[Opening RECORDED INFORMATION section]
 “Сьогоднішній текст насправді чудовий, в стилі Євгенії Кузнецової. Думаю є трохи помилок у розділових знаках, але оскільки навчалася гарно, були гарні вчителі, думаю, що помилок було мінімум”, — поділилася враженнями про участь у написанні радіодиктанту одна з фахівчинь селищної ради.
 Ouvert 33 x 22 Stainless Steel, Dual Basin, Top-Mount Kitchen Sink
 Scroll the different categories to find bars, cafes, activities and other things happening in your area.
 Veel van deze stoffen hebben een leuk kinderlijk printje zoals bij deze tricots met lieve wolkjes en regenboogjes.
[Closing RECORDED INFORMATION section]
[Opening RECORDED INFORMATION section]
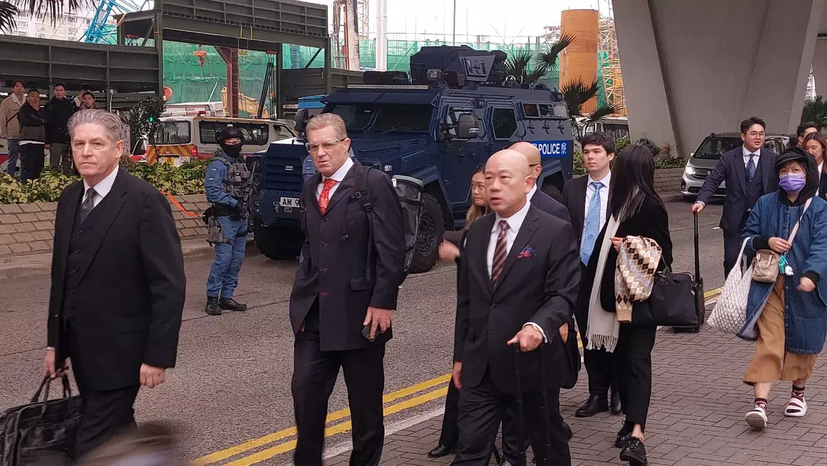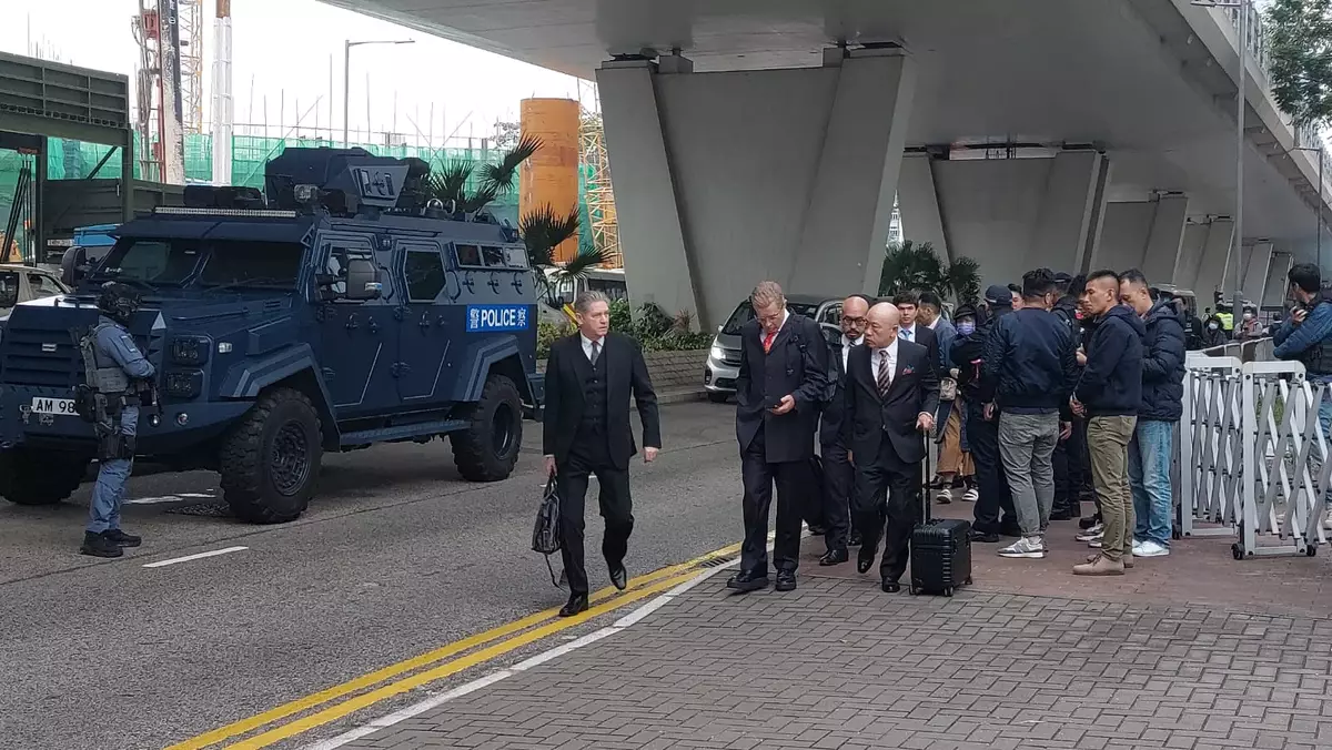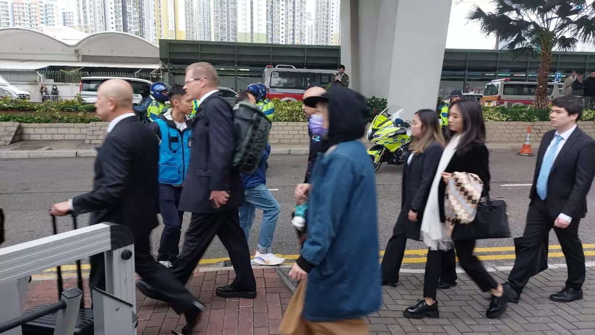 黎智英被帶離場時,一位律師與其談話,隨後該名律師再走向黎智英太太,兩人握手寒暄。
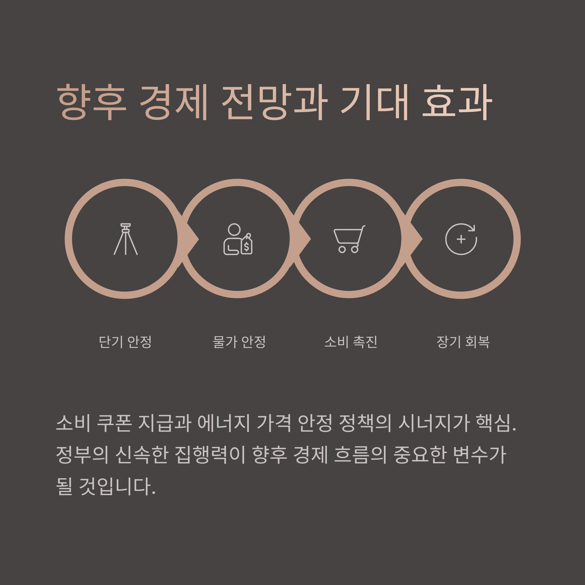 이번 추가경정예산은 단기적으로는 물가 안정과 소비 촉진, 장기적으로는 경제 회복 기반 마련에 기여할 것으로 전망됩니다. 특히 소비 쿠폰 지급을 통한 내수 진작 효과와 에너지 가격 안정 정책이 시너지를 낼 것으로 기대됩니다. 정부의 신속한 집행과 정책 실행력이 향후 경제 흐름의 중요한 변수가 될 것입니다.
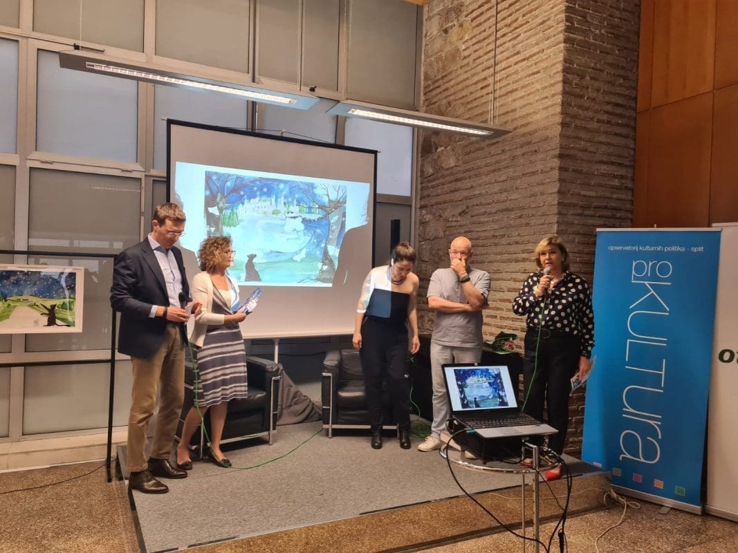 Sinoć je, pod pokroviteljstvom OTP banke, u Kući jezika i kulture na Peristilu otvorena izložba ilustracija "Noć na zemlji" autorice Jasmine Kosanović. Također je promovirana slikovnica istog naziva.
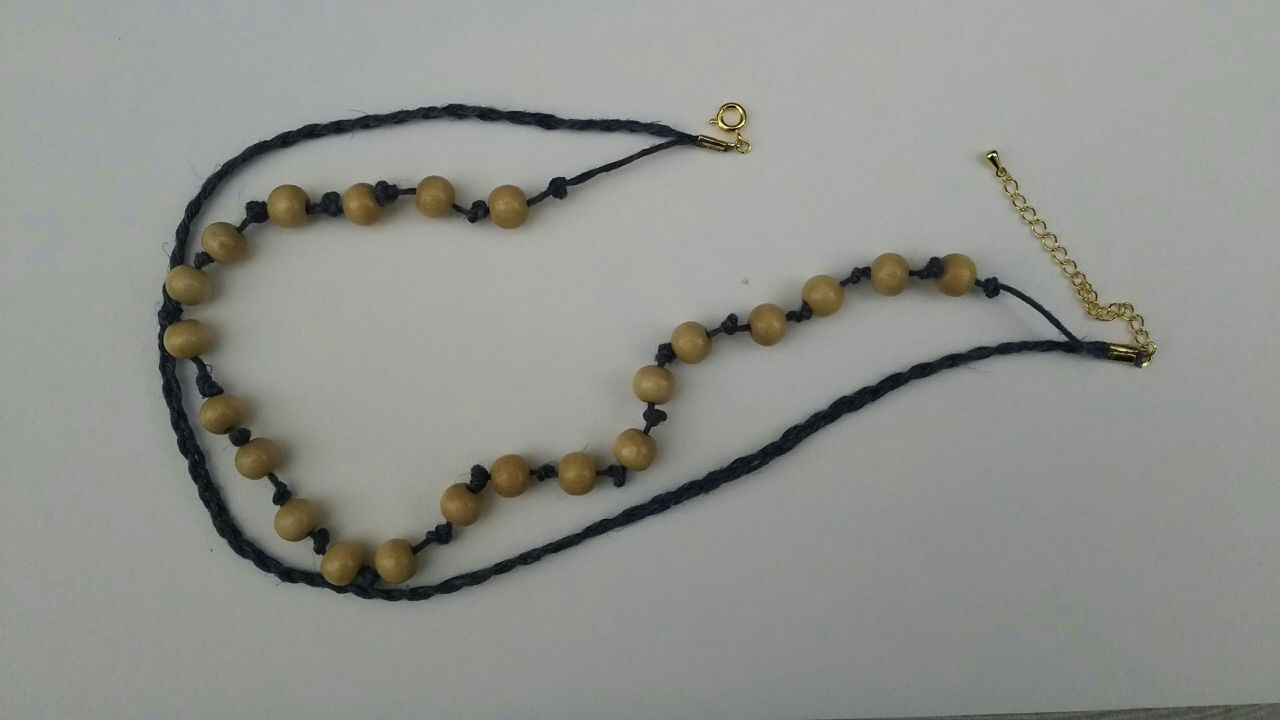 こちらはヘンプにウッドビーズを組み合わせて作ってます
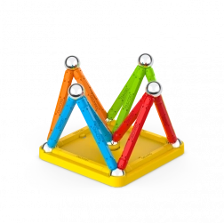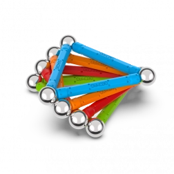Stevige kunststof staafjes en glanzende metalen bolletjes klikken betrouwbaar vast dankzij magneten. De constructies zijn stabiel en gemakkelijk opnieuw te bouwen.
[Closing RECORDED INFORMATION section]
WHAT YOU SHOULD DO:
Nothing but the lines from the one with "Sinoć je, pod" to the one with "Stevige kunststof staafjes" above, both included, should be transcribed, exactly and without pictures.

SOLUTION TO THIS TASK:
 Sinoć je, pod pokroviteljstvom OTP banke, u Kući jezika i kulture na Peristilu otvorena izložba ilustracija "Noć na zemlji" autorice Jasmine Kosanović. Također je promovirana slikovnica istog naziva.
 こちらはヘンプにウッドビーズを組み合わせて作ってます
Stevige kunststof staafjes en glanzende metalen bolletjes klikken betrouwbaar vast dankzij magneten. De constructies zijn stabiel en gemakkelijk opnieuw te bouwen.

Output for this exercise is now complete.